Wednesday, September 19, 2018

Seamlessly Replace a Computer by Copying These 3 Folders

The reason people often hang on to computers until they are outdated or fail is typically because moving to a new computer is tedious! There are a variety of personalized settings that need to be configured, each of which take time. Some examples of these settings are:
  • Power modes
  • Desktop backgrounds
  • Web browser favorites
  • Keyboard shortcuts
  • Screen resolution
There is also the task of installing proprietary software and configuring applications. In other words, it can be a lot of work moving to a new computer or laptop. All of these tasks are reasons why we avoid replacing a device for as long as we can.

Even considering all the work it takes, it is ALWAYS better to move to a new device before the existing one fails. This ensures a more seamless process, that data is not lost, and that application configurations can be compared so they are set up exactly the same. When replacing a computer, it is important to know the 3 folders that are most important to copy to the new device.

Seamlessly Replace a Computer by Copying These 3 Folders


This is the most obvious folder to copy since it is the default location for saved files. This folder contains documents, photos, videos, and music and should have nearly all files saved locally. This folder is easy to access, listed in the Start menu, and pinned as a shortcut in a Windows Explorer window.


Even with the best of intentions, files inevitably end up on the desktop. It may be something downloaded for temporarily reference, a short term save location or an accident.
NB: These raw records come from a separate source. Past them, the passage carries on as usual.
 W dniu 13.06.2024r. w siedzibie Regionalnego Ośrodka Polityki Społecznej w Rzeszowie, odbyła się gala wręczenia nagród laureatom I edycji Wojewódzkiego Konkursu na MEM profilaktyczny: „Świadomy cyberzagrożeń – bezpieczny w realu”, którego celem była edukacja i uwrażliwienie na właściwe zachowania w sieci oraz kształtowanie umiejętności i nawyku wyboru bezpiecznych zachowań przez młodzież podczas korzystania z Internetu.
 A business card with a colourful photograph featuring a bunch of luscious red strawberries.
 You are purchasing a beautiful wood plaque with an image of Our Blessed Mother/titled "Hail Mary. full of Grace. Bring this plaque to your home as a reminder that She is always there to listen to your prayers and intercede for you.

Whatever the reason, once the file is there, it often remains there and never gets moved to a longer term storage place. If you ever stop to take the time to really look through the desktop file list you might be surprised what you find!
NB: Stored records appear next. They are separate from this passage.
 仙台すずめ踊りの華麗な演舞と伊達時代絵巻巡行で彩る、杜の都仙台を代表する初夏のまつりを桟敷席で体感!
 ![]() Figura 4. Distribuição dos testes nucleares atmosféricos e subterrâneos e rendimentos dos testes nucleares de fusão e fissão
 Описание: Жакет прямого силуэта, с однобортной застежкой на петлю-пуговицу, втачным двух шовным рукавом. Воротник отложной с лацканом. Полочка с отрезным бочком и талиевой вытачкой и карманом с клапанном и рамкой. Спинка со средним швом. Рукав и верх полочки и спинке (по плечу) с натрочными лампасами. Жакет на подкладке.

The AppData folder is a folder you may have never noticed. It is located within the user account folder and it holds the data and settings of many local applications. Most programs store information inside a folder they create which is located inside the Local folder, under the AppData folder. Occasionally you will also find items in the Roaming folder. To be safe, copy the entire AppData folder, with the three sub-folders, so you have everything you may need.

To navigate to the AppData folder:
  • Open Windows Explorer
  • Expand the local disk (C:)
  • Expand the Users folder
  • Click on the appropriate user folder
  • The AppData folder should be listed in the right panel

NOTE: If you do not see the AppData folder listed, you will need to change the folder options to show hidden folders. To do this, open the Control Panel, click on "File Explorer Options". In the File Explorer Options window, click the View tab. Under the "Hidden files and folders" heading select "Show hidden files, folders, or drives" and click the OK button.

Special Note

One last thing worth mentioning is checking where application data is stored if you have any propriety programs. Not all programs store information in the AppData folder. Most software applications will tell you where their data is being stored. For example, pressing the F2 button in QuickBooks reveals where the file is being stored.
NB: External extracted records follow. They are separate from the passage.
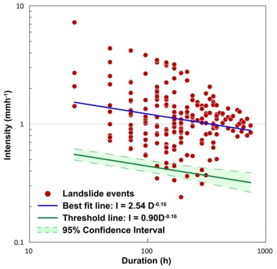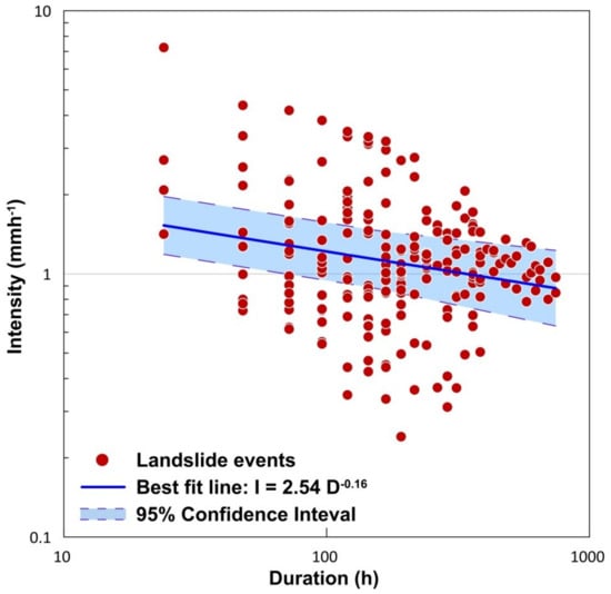 Use of this power-law equation has two fundamental assumptions. The first one is that with increase in the rainfall intensities, there is a nonlinear increase in the probability of occurrence of landslides. Below the threshold value, the likelihood of initiation of landslide is low, and above the threshold, the probability of occurrence of landslides increases nonlinearly. The second assumption is that the initiation of slides decreases as the duration of rainfall increases [2]. The term ‘β’ in Equation (1) defines this rate at which the critical intensity declines with the rise in duration. The frequentist approach of defining intensity-duration thresholds is used in this study. Empirical rainfall conditions which triggered landslides were first log-transformed and fitted using Equation (2), which is equivalent to the power-law in Equation (1). Using the Frequentist method, a best fit line for the distribution was obtained as I = 2.54D−0.16 (Figure 7) with a coefficient of determination (R2) of 0.04. The scattering of data results in a lower value of R2 and hence the uncertainty associated with the fitted line is evaluated with a confidence interval of 95%. Considering the uncertainties, Equation (1) gets modified to
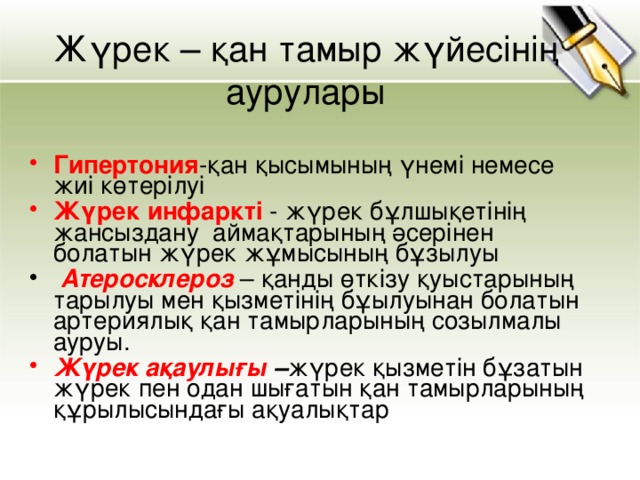 Оқушылар орындай алады: Жүрек - қантамырлар жүйесі аурулары (гипертония, инфаркт, ишемиялық ауру, атеросклероз, инсульт). Аурудың себептері: тұқымқуалаушылыққа бейімділік, теріс өмір салты, дұрыс тамақтанбау Пәнге қатысты лексика мен терминология «қантамыр жүйесі ауруларының себептері мен ауру белгілерін сипаттау Диалог құруға / жазылымға қажетті сөздер топтамасы
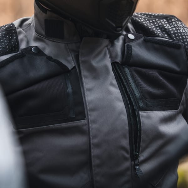 Het enige wat we nog ontbreken om van de Ladakh 3L D-Dry® een echte allrounder te maken, is goede ventilatie. Die komt in verschillende formaten en uitvoeringen. Op de rug fungeren ze als uitlaat voor de rijwind die via de openingen op de mouwen en borst naar binnen stroomt. Stroomt, jazeker, toch als je dat wenst. Je kan beide ventilatieopeningen op de borst makkelijk open zetten en door middel van een drukknop ook open houden. Een extra ventilatieopening bevindt zich in de hals. We zijn er nog niet helemaal uit of we die vaak gaan gebruiken maar de optie hebben, is nooit slecht. De verbinding tussen de twee ventilatie-uitlaten op de rugzijde is een goede poging om alles eenhandig bedienbaar te houden.
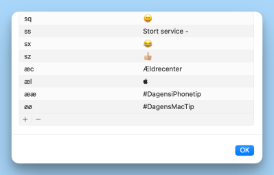 Her efter kan du ved at trykke på + tasten lave dine genveje. Her vælger jeg at sq = 😄 og sz = 👍🏼
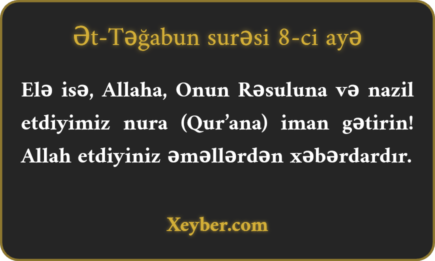 Elə isə, Allaha, Onun Rəsuluna və nazil etdiyimiz nura (Qur’ana) iman gətirin! Allah etdiyiniz əməllərdən xəbərdardır.
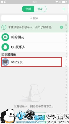 腾讯来电团队功能介绍 来电团队通讯录使用教程 1、首先,下载小黑市场新版的新版来电,在【聊天】界面和【通讯录】都可以看到自己所在的团队:
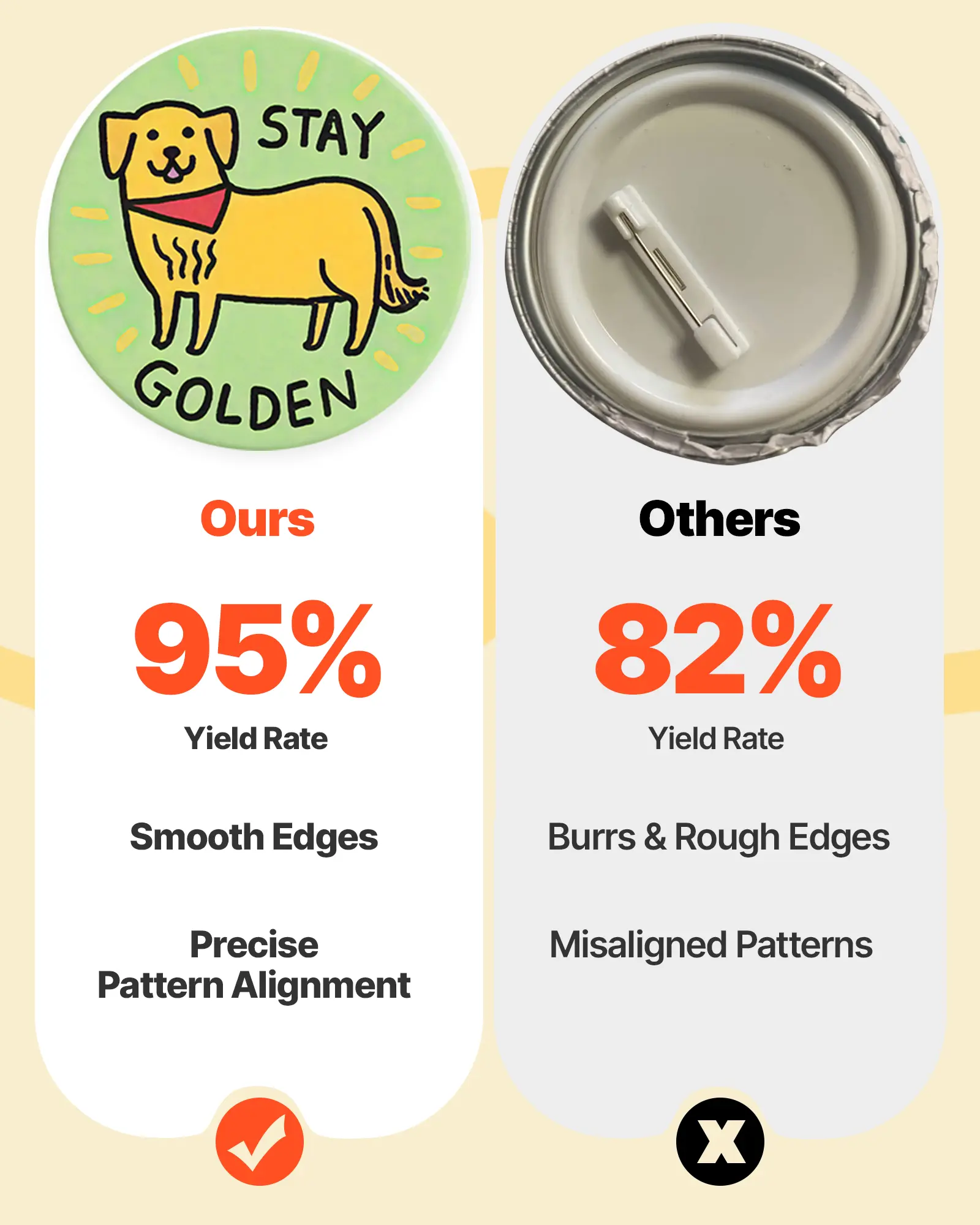 You can align the center of your design with the mold using the guide marks on the button pin maker, helping avoid issues like off-center images or slanted text and improving the overall success rate.

When upgrading a computer or laptop, there are quite a few things to consider. If you plan the replacement device ahead of time, the process will be far easier than trying to recover from a catastrophic loss. Still, it is a process, and using the tips above will help ensure you capture all of the folders you need when making the move to a new device. 

As always, having the information to accomplish something in the most thorough manner can make all the difference!